2005–2006: Behrouz Gharibpour adapted it into a puppet opera:Premiered at Tehran's Ferdowsi Hall in 2005, featuring 100 puppets and 15 puppeteers; Iran's first puppet opera on this subject.

2025: The Yerevan State Opera and Ballet Theatre premiered a new two-act production, receiving coverage from official sources and media outlets.

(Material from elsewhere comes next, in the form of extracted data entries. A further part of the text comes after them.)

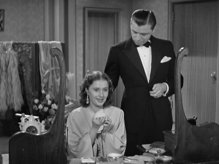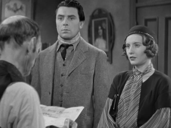 Jim Gilson (George Brent) is a cheapskate oaf with a head cold. He figures that he has struck matrimonial gold and whisks her off to the justice of the peace. (But why does he never ask why her name is Joan and not Emily?) Later, back at the farm, he gets all Sheik on his blushing bride, who responds by socking him in the kisser. A little later, she spots him bent over a stubborn stain on the floor and starts to think that he (or his backside) is awfully cute. Jim is still huffy and refuses all advances. (If this guy were any stupider, Joan wouldn’t marry him, she would water him.) And, of course, the farm is in hock to the bank and the whole thing turns into a “you must pay the rent, I can’t pay the rent” sort of tale.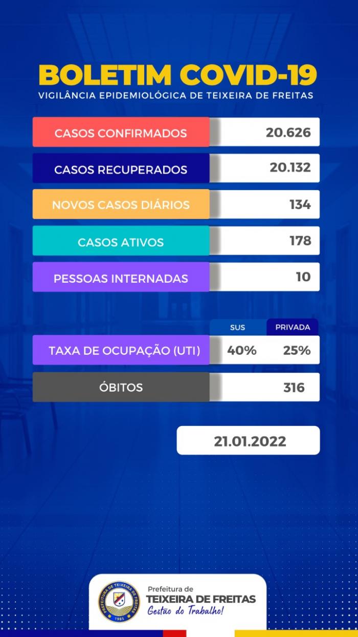 Nesta sexta-feira, 21 de janeiro, a Secretaria de Saúde de Teixeira de Freitas informou que há 134 novos casos positivados. Até o momento são 20.626 casos confirmados. Destes, 178 são considerados ativos, ou seja, as pessoas que ainda têm a possibilidade de transmitir o vírus. Já foram contabilizadas 316 mortes. A taxa de letalidade em Teixeira de Freitas é de 1,53% em relação aos casos confirmados. Nossa taxa de recuperação é de 97.91% são 20.132 recuperados.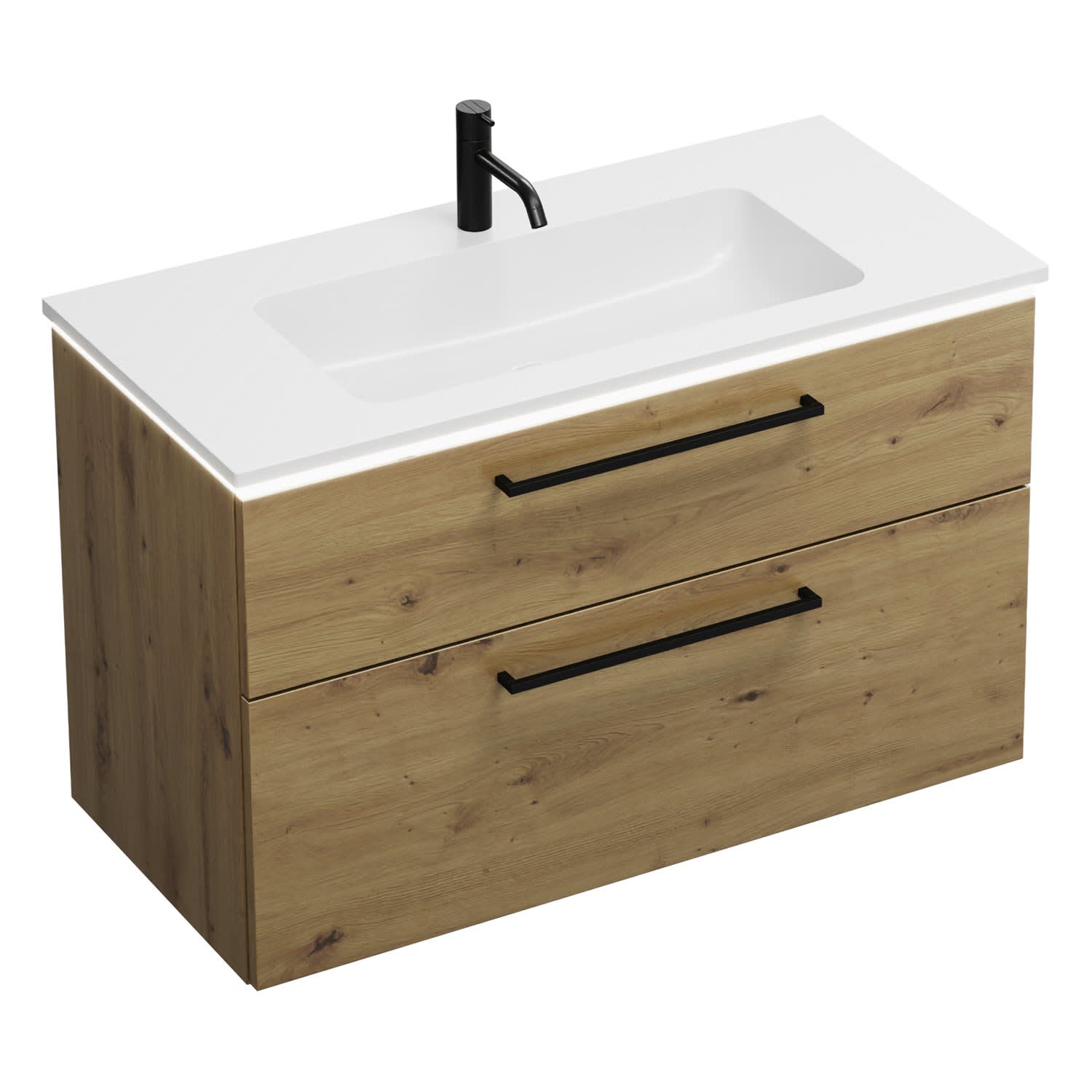 burgbad Eqio Waschtischkombination mit Mineralguss-Waschtisch und LED-Beleuchtung, 102 cm, mit Stangengriff G0234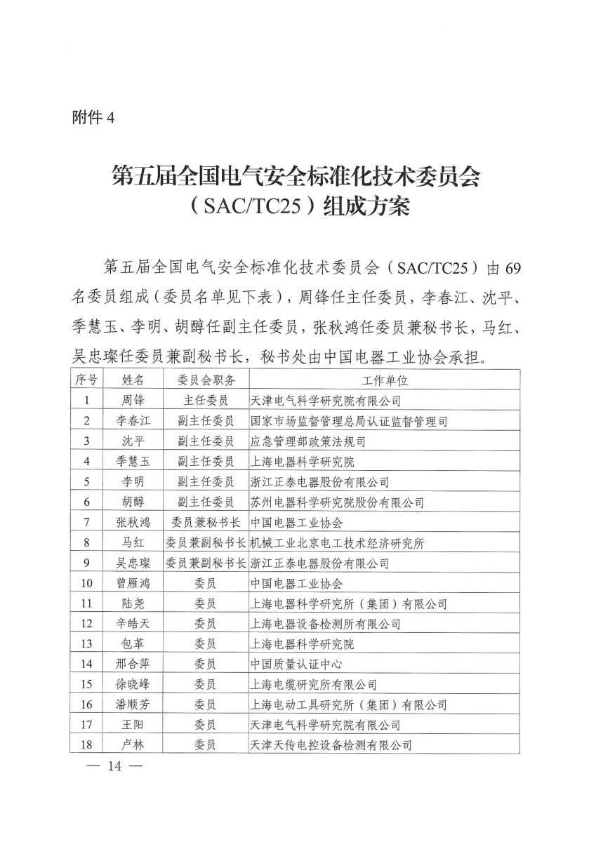 第五屆全國電氣安全標(biāo)準(zhǔn)化技術(shù)委員會(huì)(SAC/TC25)任期5年,由69名委員組成,秘書處由中國電器工業(yè)協(xié)會(huì)承擔(dān)。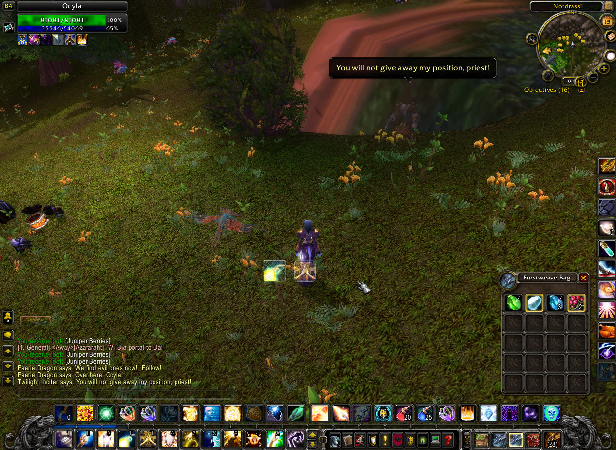Besides all that, wow! I finished Vashj’ir today! Well, first I started out in Hyjal to get my rep up to friendly so I could take the tabard. There is some good healing gear to be had at exalted. This quest was kind of cute with the fairy dragons helping you find stealthed cultists by feeding them berries. Find I have Herbalism I can see the berries on my map.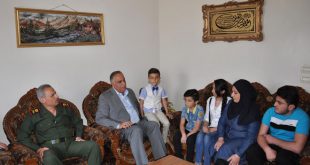 حمص-سانا بمناسبة عيد الشهداء وإكراما وإجلالا لأرواح شهدائنا الأبرار وتقديرا لعظيم ما قدموه كرم محافظ حمص طلال البرازي وقائد شرطة محافظة حمص اللواء خالد هلال عددا من أسر شهداء وجرحى قوى الأمن الداخلي في منازلهم. وخلال الزيارة أكد محافظ حمص …

== Adaptation:Puppet Opera Version ==
The puppet opera Rustam and Sohrab, directed by Behrouz Garibpour and produced by the Alen Puppet Theater, premiered at Tehran's Ferdowsi Hall in 2005. To support the production, the hall underwent specialized stage renovations between 2003 and 2005, adding multi-level fly galleries, stage machinery with a seven-meter span, and lifting systems to accommodate large-scale marionette performances. The production employed approximately 100 puppets, each standing 80 centimeters tall and operated by 15 puppeteers. Each puppet comprised around 200 components, forming an intricate and complex manipulation system requiring collaboration among a professionally trained, tiered team. The musical component relies on a soundtrack composed and conducted by Loris Cheknavarian, meticulously synchronized via chronology with puppet movements, lighting, and scene changes. This “pre-recorded synchronization” mechanism, combined with the multidimensional staging of ensemble sequences, amplifies the epic tragedy's expressive power. Simultaneously, it imbues the puppet theater with new symbolic significance within contemporary expressions of religious and epic narrative traditions. This production not only signifies the experimental fusion of Iranian puppetry with modern opera but also achieved institutionalized production and sustained performances through its residency at Ferdowsi Hall and the establishment of the Puppet Opera Museum.